| Exercise |
Below are records; copy every line among them that contains the word "extra".

==================================================

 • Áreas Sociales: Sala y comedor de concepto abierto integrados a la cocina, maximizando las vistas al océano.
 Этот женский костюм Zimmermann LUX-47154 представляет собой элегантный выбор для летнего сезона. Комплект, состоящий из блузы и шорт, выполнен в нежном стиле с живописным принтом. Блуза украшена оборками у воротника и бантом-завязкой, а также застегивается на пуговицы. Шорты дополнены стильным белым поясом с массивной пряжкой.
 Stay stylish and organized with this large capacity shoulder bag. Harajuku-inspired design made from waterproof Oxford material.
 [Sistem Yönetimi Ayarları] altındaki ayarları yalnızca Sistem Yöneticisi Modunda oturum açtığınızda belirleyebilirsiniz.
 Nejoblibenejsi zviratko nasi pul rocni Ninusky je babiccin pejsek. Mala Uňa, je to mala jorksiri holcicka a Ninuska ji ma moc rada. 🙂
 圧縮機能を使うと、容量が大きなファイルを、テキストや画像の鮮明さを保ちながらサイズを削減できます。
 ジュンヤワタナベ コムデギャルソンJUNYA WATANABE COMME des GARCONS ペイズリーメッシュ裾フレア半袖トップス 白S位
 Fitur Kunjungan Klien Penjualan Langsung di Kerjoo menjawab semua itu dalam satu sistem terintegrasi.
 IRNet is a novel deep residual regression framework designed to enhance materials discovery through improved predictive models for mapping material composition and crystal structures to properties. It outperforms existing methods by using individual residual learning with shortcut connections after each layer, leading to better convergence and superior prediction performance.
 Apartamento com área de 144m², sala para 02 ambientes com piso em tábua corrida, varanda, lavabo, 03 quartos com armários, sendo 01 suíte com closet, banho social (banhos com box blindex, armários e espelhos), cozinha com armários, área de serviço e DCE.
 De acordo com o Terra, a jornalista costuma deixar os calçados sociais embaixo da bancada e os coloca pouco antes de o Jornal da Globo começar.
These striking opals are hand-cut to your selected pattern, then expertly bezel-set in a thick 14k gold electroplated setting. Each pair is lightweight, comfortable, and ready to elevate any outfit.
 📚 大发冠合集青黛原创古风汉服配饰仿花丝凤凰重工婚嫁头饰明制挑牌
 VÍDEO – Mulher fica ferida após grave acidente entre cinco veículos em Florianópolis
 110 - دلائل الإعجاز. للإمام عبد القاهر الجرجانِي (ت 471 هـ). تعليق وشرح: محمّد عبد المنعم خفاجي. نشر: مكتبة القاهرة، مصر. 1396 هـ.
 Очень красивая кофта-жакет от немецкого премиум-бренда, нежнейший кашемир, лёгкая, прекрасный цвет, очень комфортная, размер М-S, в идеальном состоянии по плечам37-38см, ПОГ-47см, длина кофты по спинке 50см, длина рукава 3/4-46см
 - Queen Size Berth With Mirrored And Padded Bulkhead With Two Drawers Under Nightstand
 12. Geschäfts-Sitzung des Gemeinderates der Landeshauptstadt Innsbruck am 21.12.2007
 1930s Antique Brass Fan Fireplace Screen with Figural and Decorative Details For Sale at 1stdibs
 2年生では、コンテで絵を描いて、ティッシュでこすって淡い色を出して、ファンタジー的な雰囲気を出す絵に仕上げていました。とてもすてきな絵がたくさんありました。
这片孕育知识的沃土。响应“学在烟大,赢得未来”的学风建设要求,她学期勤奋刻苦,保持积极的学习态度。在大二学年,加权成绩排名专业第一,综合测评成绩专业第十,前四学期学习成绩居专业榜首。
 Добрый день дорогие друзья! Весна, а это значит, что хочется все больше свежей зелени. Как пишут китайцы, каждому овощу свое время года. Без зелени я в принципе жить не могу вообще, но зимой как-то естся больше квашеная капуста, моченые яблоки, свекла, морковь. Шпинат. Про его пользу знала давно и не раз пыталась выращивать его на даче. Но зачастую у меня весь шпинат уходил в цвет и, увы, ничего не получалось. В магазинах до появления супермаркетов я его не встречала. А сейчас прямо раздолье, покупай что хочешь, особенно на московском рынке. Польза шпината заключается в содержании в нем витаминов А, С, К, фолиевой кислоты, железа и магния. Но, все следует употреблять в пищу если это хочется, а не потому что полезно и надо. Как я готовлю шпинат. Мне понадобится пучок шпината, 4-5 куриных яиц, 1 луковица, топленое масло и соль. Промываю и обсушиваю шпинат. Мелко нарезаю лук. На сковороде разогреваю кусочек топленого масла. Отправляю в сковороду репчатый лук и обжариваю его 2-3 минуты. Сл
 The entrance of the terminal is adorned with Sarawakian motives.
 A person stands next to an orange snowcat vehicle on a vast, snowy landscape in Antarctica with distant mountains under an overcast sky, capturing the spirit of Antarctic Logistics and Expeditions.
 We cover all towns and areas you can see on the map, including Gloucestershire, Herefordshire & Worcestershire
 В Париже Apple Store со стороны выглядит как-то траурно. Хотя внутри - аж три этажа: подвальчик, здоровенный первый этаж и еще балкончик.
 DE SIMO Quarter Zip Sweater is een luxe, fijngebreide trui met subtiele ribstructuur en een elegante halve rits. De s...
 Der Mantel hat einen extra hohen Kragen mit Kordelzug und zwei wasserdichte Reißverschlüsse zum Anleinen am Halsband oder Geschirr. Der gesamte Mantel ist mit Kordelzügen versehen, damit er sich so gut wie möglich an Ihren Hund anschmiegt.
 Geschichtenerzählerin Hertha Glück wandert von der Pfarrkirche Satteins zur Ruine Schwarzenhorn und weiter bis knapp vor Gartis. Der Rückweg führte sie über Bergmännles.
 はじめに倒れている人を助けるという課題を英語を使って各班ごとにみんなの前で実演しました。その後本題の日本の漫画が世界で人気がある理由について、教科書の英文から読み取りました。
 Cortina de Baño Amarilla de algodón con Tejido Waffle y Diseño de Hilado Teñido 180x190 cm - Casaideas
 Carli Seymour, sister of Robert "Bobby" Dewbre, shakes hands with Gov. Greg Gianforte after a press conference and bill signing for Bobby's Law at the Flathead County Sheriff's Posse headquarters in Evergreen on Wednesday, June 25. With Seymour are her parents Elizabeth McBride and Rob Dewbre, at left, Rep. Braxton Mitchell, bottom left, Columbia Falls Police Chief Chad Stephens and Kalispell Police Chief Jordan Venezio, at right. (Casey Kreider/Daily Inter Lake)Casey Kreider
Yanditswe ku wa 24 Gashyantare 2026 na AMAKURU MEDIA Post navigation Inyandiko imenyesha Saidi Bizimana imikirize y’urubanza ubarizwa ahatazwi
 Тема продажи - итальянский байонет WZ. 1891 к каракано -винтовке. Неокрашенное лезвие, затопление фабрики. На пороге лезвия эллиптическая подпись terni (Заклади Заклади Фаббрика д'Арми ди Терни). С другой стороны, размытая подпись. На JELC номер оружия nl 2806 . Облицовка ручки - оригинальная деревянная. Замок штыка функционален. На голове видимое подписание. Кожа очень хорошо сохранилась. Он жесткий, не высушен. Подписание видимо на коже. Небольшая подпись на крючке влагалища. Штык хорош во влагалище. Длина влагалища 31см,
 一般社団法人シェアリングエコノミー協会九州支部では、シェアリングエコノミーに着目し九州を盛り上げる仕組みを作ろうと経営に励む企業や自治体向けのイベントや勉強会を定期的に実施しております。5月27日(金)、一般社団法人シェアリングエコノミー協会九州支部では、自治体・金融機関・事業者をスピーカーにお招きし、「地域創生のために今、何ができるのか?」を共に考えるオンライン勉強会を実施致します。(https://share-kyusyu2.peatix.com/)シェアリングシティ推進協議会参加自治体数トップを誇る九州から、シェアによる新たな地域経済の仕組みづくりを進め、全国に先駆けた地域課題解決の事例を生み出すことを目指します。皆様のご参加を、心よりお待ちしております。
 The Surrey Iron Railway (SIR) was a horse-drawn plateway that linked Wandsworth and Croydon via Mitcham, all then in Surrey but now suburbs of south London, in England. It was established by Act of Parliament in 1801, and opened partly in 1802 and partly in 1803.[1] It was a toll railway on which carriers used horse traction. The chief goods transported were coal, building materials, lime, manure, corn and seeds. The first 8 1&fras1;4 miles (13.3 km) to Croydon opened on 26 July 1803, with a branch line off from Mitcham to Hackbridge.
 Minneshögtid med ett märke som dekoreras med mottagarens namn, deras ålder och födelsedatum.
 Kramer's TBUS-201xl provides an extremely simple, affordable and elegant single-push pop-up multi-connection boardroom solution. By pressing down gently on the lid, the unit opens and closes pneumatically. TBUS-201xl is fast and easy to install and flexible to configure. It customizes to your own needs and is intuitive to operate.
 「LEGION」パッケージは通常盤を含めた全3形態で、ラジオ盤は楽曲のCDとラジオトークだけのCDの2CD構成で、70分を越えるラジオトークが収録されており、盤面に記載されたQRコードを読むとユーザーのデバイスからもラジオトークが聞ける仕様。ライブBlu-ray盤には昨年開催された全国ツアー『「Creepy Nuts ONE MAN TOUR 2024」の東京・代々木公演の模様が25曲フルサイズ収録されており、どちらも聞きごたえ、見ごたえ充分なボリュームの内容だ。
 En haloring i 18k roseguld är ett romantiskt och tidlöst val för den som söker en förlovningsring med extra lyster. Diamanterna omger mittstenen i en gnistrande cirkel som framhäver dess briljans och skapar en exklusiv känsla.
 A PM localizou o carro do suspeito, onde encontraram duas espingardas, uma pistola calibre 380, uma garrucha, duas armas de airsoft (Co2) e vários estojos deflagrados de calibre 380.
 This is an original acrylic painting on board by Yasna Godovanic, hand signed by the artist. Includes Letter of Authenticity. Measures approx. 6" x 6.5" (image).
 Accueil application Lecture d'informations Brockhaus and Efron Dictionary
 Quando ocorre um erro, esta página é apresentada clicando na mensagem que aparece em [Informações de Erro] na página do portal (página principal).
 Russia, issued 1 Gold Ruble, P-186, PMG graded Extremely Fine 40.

==================================================

| Exercise result |
 Der Mantel hat einen extra hohen Kragen mit Kordelzug und zwei wasserdichte Reißverschlüsse zum Anleinen am Halsband oder Geschirr. Der gesamte Mantel ist mit Kordelzügen versehen, damit er sich so gut wie möglich an Ihren Hund anschmiegt.
 En haloring i 18k roseguld är ett romantiskt och tidlöst val för den som söker en förlovningsring med extra lyster. Diamanterna omger mittstenen i en gnistrande cirkel som framhäver dess briljans och skapar en exklusiv känsla.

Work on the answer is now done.